REPUBLIKA.CO.ID, DEPOK - Pakar Kehutanan Institut Pertanian Bogor (IPB), Dr Ir Yanto Santosa DEA mengatakan tudingan Greenpeace terhadap perusahaan pulp dan paper yang menggunakan kayu ramin untuk bahan baku bubur kertas, tidak bisa dipertanggungjawabkan sepenuhnya.
"Apalagi tudingan itu hanya berdasarkan investigasi, sehingga tidak mengandung kebenaran yang obyektif," kata Yanto Santosa, Rabu (7/3).
Ia mengatakan seharusnya, Greenpeace masuk ke pabriknya. Lihat, apakah benar mesin yang dipakai bisa dipakai untuk kayu ramin. "Setahu saya, mesin untuk pembuat bubur kertas itu mempunyai spesifikasi tertentu, artinya hanya bisa dipakai untuk jenis kayu-kayu yang sudah ditentukan," katanya.
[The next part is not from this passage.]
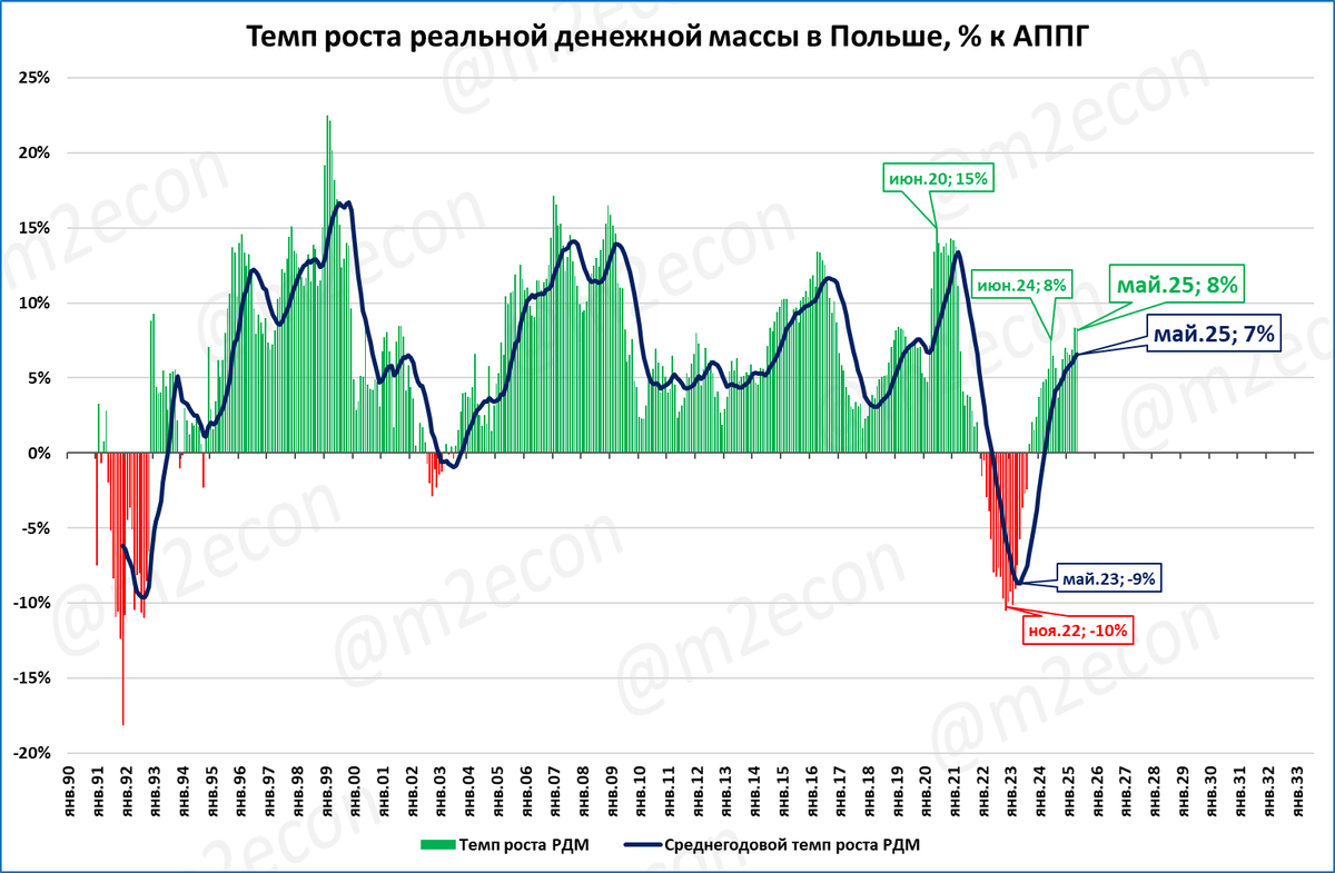 Денежная масса в Польше (+10,2% годовых) растёт быстрее цен (4,0%), а значит, растёт в реальном выражении.

"Kalau mesin itu untuk kayu meranti, maka tidak bisa dipakai untuk kayu yang lain," ungkapnya. Dikatakannya kalau sekedar mengambil sample dari tumpukan kayu di pabriknya, lalu dibawa ke laboratorium untuk diteliti, itu belum mewakili kebenaran adanya penggunaan ramin sebagai bahan baku bubur kertas.
"Bisa saja ramin ada di tumpukan kayu, tapi apakah benar dijadikan bahan baku bubur kertas, itu yang terpenting," jelasnya.
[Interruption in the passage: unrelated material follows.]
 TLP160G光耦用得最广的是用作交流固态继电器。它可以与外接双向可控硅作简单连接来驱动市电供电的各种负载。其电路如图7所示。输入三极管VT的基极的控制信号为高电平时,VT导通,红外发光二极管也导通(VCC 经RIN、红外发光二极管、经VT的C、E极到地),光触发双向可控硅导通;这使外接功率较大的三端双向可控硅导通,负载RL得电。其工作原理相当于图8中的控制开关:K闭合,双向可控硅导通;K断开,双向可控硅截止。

Bahkan, lanjut Yanto, penggunaan kayu ramin itu sama sekali tidak ekonomis. "Dalam bahasa harga, jelas tidak masuk. Biasanya, untuk bahan baku bubur kertas itu, kalau tidak mangium, sengon, atau jati putih. Itu lebih masuk akal dan lebih ekonomis, karena harganya jauh lebih murah," jelasnya.
Sebelumnya Greenpeace menyerahkan bukti investigasi rahasia satu tahun penuh kepada Kementerian Kehutanan Republik Indonesia yang mengungkap skandal tentang perusahaan yang mereka tuding secara sistematis melanggar hukum Indonesia dengan menghancurkan ramin.
Dari kayu yang diidentifikasi sebagai ramin, sebanyak 56 sampel dikirim ke laboratorium independen kertas di Jerman untuk diverifikasi, dimana seorang spesialis identifikasi kayu yang dilindungi secara internasional mengkonfirmasi bahwa ke-46 sampel adalah ramin.